In queste ultime settimane ha fatto molto scalpore la notizia di una banca danese, la Jyske Bank, con l’offerta di mutui ipotecari a tasso negativo.
Per l’esattezza ad un tasso d’interesse negativo del -0,5: questo significa che su un prestito di 100.000 euro, a 10 anni, si dovranno rimborsare 99.500 euro. Meno di quanto ricevuto.
Mentalmente è una cosa difficile da capire, siamo di fronte a qualcosa di mai visto prima e che verrà scritto nei libri di storia, non solo economica.

Recentemente c’è stata anche un’emissione a 30 anni del Bund, il titolo di Stato tedesco, a tasso negativo -0,11%
La prima volta in assoluto nella storia.
Il mese scorso l’Austria ha emesso un’obbligazione Matusalem, cioè a scadenza 100 anni, al tasso dell’1,2%.

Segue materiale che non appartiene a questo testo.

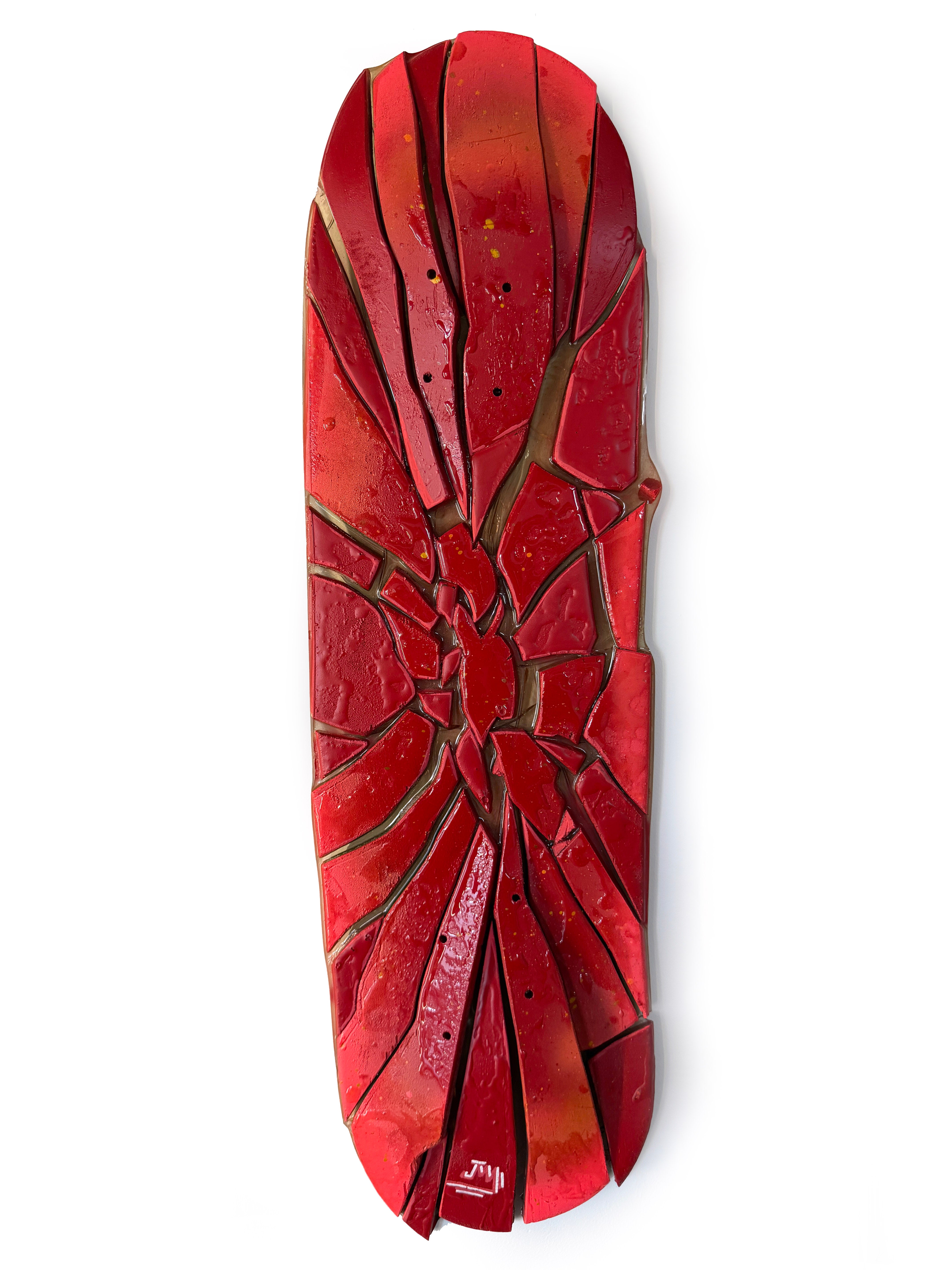 Il s’agit d’un travail artistique réalisé sur un véritable skateboard, mêlant différentes matières et techniques.

Facendo una veloce analisi dei tassi d’interesse dei titoli di Stato europei a 10 anni, oramai soltanto l’Italia e la Grecia sono in territorio positivo.
Certamente, nel breve medio periodo non si vedono cambiamenti di rotta. Anzi forse vedremo ulteriori ribassi.

Per trovare del reddito nel mondo obbligazionario dobbiamo indirizzarci sulle obbligazioni statunitensi e su quelle dei mercati emergenti, da fare molta attenzione perché al possibile rendimento dobbiamo inserire il rischio che abbiamo investendo in una moneta diversa dall’Euro e la variabilità dei paesi emergenti.

Non sono investimenti privi di rischio, mi raccomando tenetelo sempre ben presente.

Questo deve darci ulteriore conferma del livello raggiunto dalle obbligazioni e di quanto sia fondamentale diversificare e far una pianificazione corretta dei propri risparmi.

Una pianificazione che necessita di tempo e pazienza.

Gli investitori nei paesi anglosassoni, da questo punto di vista, sono maggiormente abituati a questa logica d’investimento.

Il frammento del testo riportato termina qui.